Problem statement: From the line that holds "调查出行交通的选择,对交通发展趋势做估计" down to the last line of the listing below, transcribe exactly and only those lines. Leave pictures out.
———
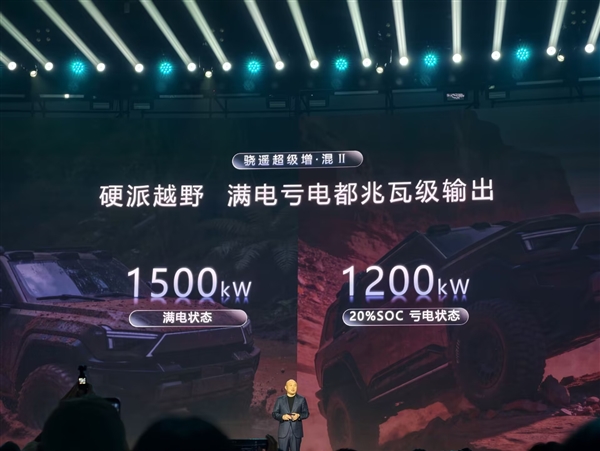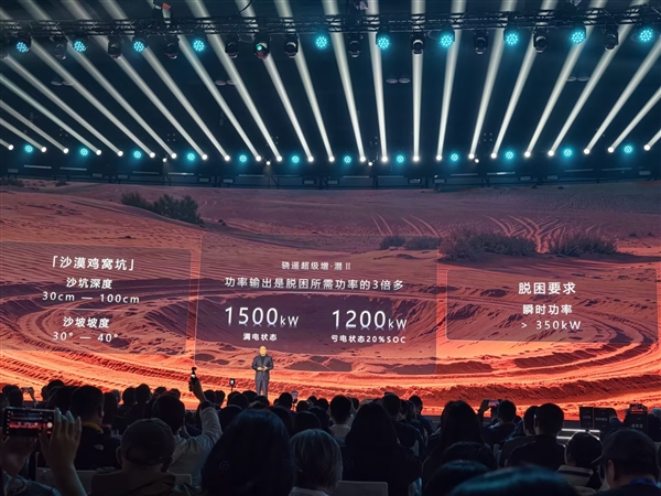 以硬派越野中被称为“沙漠绞肉机”的鸡窝坑场景为例,脱困需要超过350千瓦的瞬时功率,而骁遥二代亏电1.2兆瓦的输出能力是脱困所需的三倍之多,即使电量只剩20%甚至不到10%,仍能一脚电门轻松脱困。
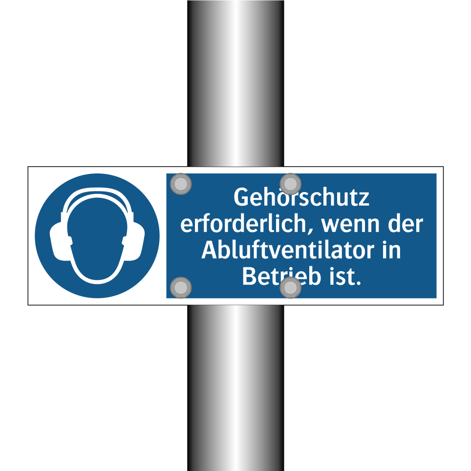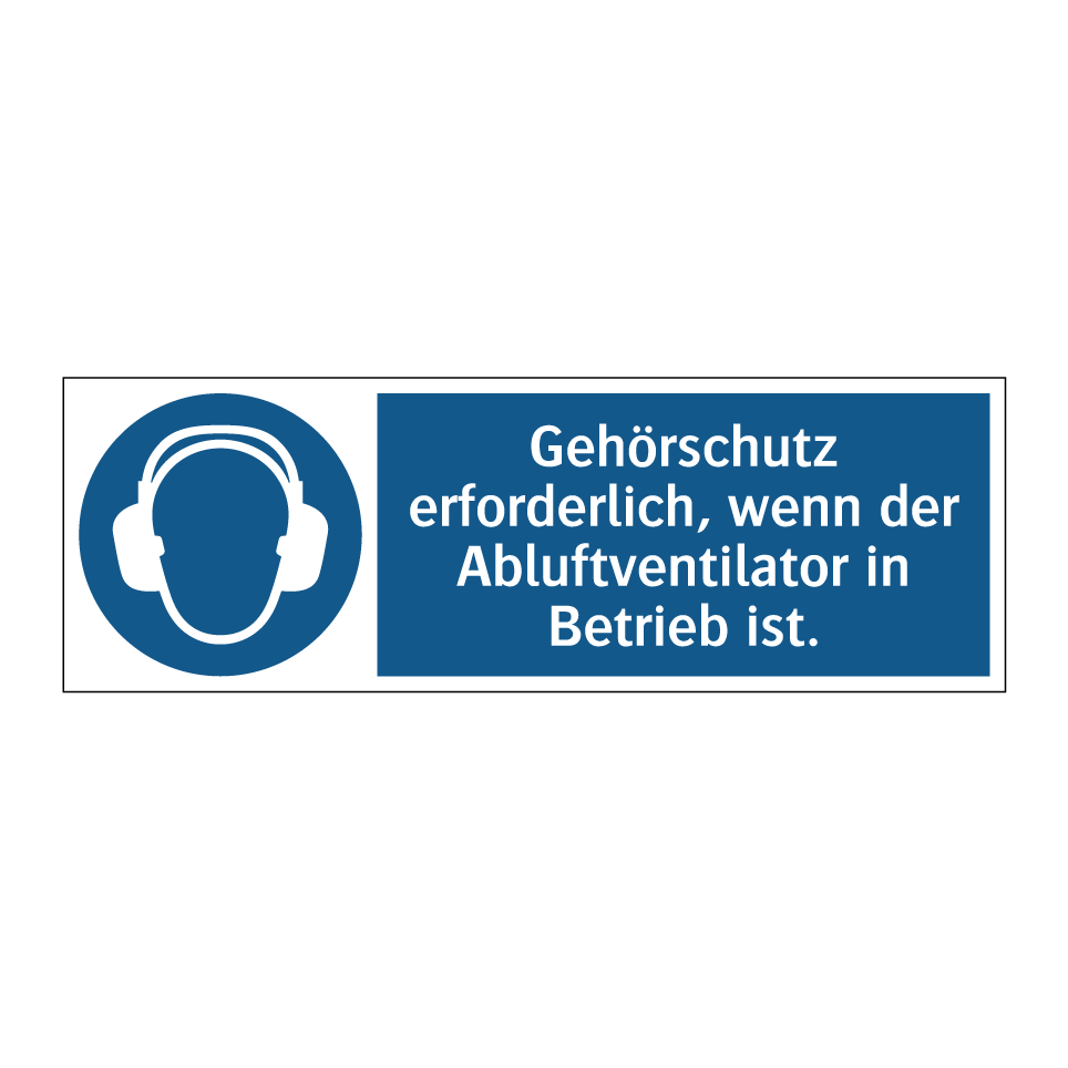 Gebotsschild mit dem Text Gehörschutz erforderlich, wenn der Abluftventilator in Betrieb ist.
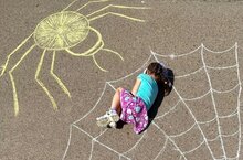 Один из символов детства — рисунки на асфальте мелками. Они быстро стираются и смываются дождём, однако для ребёнка важен сам процесс. А какими разнообразными могут быть игры с мелками! Волшебство рисунков на асфальте позволяет погрузиться в увлекательный мир забавных сюжетов.
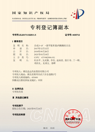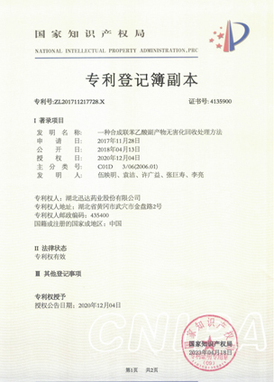 公司擁有一支高素質(zhì)科研隊伍,具備專業(yè)而高效的研發(fā)能力。近幾年,共取得科技成果30項,其中9項獲國家發(fā)明專利,2項獲湖北省科技進(jìn)步獎,開發(fā)新產(chǎn)品8個,綠色合成、手性合成和催化等技術(shù)引領(lǐng)行業(yè)發(fā)展。主要銷往歐美、日本、韓國、中東、印度等40多個國家和地區(qū)。
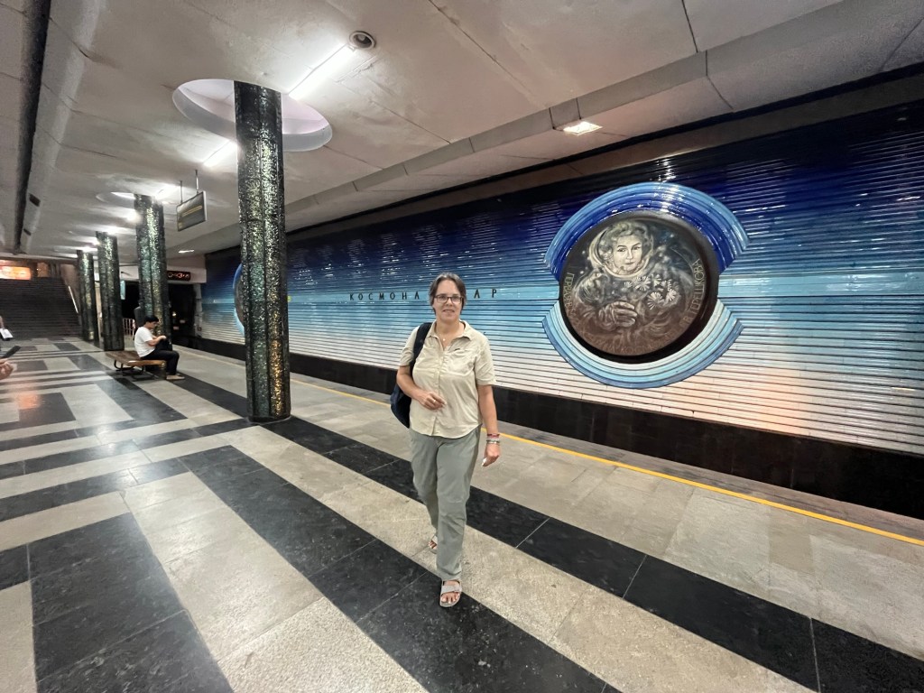 I have to mention the metro in Tashkent. Many of the stations have beautiful murals decorating their walls. Our favourite was our nearest station ‘Kosmnavtlar’.
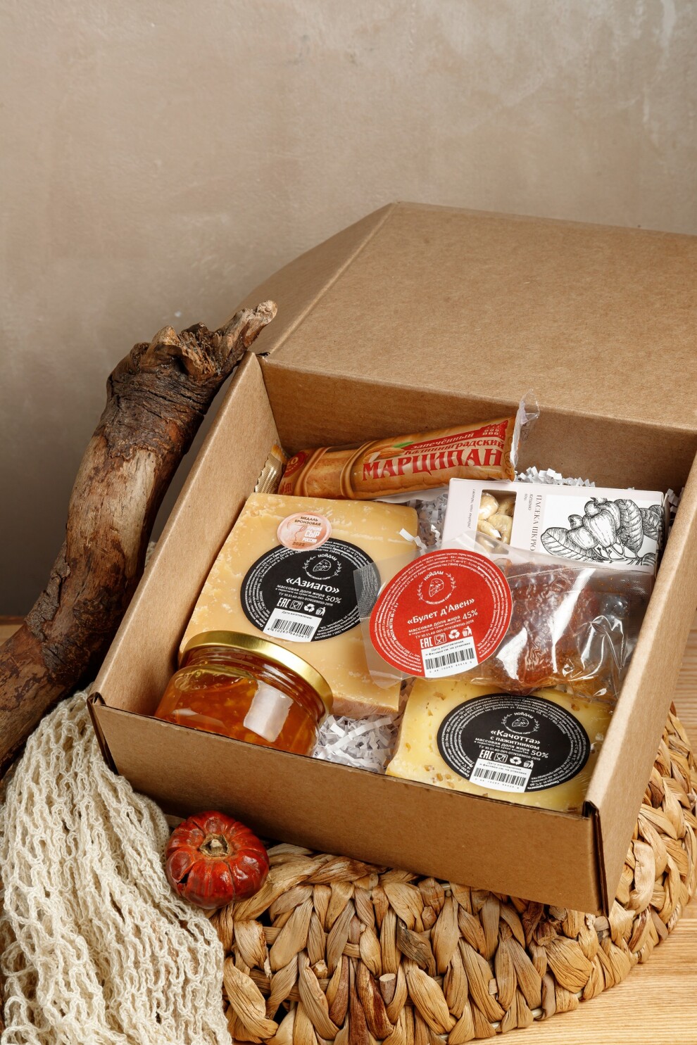Три сорта сыра в сочетании с шоколадом или марципаном и баночкой джема. Упаковано в крафтовую коробку.
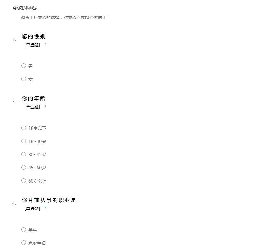 调查出行交通的选择,对交通发展趋势做估计
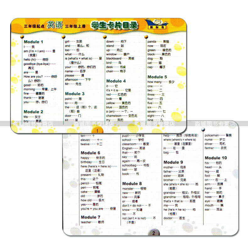 New Standard English 3rd Year Book Student Cards WY Outer Research Edition (3rd grade starting point) Foreign research Institute Primary School 3 grade Upper register English teaching materials synchrome letter single word learning with student tool card primary school
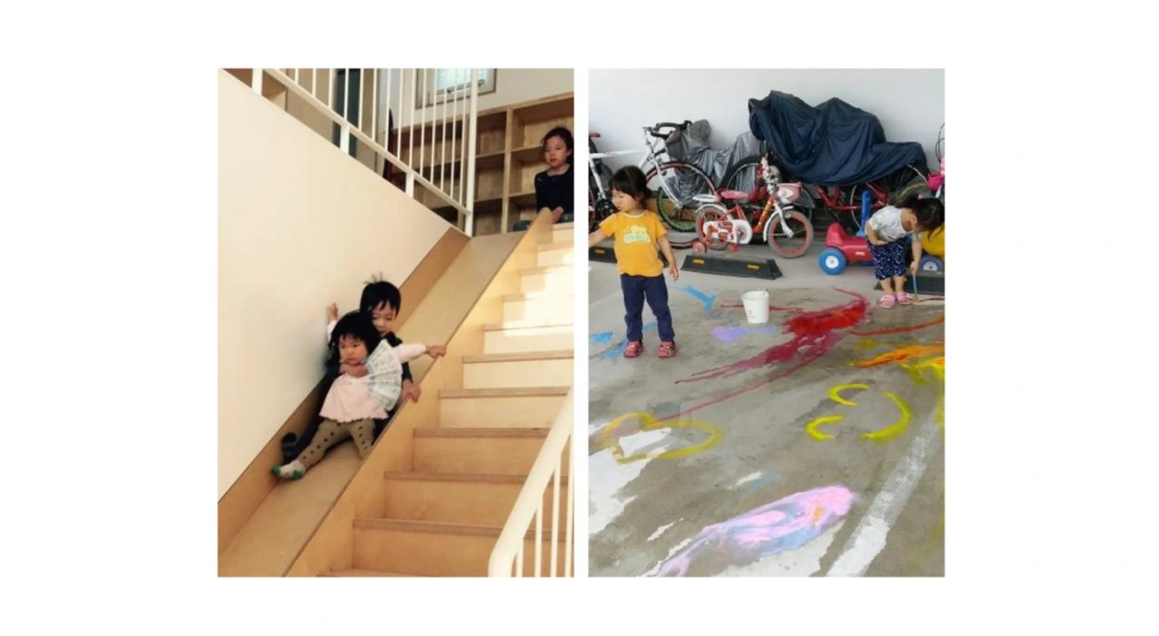 그 아래 부분의 필로티는 도로와 마당 그리고 공원을 연결해주며, 그네가 달린 아이들 놀이공간이 된다. 각각의 집에서 연결되는 2층의 놀이방은 다양한 관계를 통해 두 집의 삶을 좀 더 가변적으로
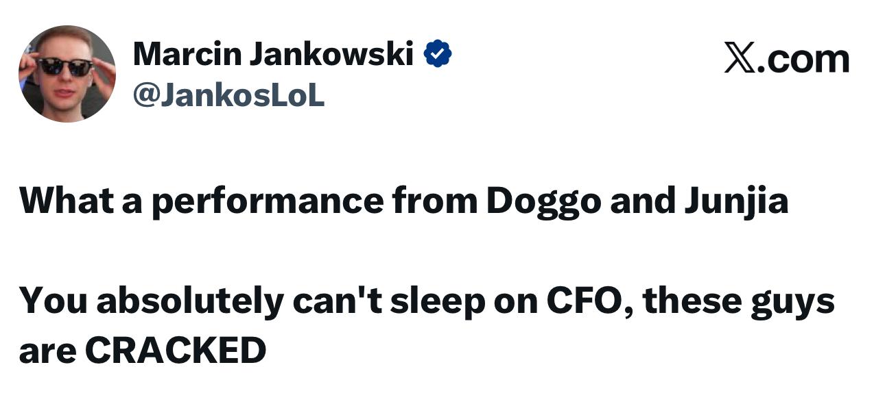 Jankos发文:你绝对不能忽视CFO,这帮家伙太强了
———
Exercise response:
 调查出行交通的选择,对交通发展趋势做估计
 New Standard English 3rd Year Book Student Cards WY Outer Research Edition (3rd grade starting point) Foreign research Institute Primary School 3 grade Upper register English teaching materials synchrome letter single word learning with student tool card primary school
 그 아래 부분의 필로티는 도로와 마당 그리고 공원을 연결해주며, 그네가 달린 아이들 놀이공간이 된다. 각각의 집에서 연결되는 2층의 놀이방은 다양한 관계를 통해 두 집의 삶을 좀 더 가변적으로
 Jankos发文:你绝对不能忽视CFO,这帮家伙太强了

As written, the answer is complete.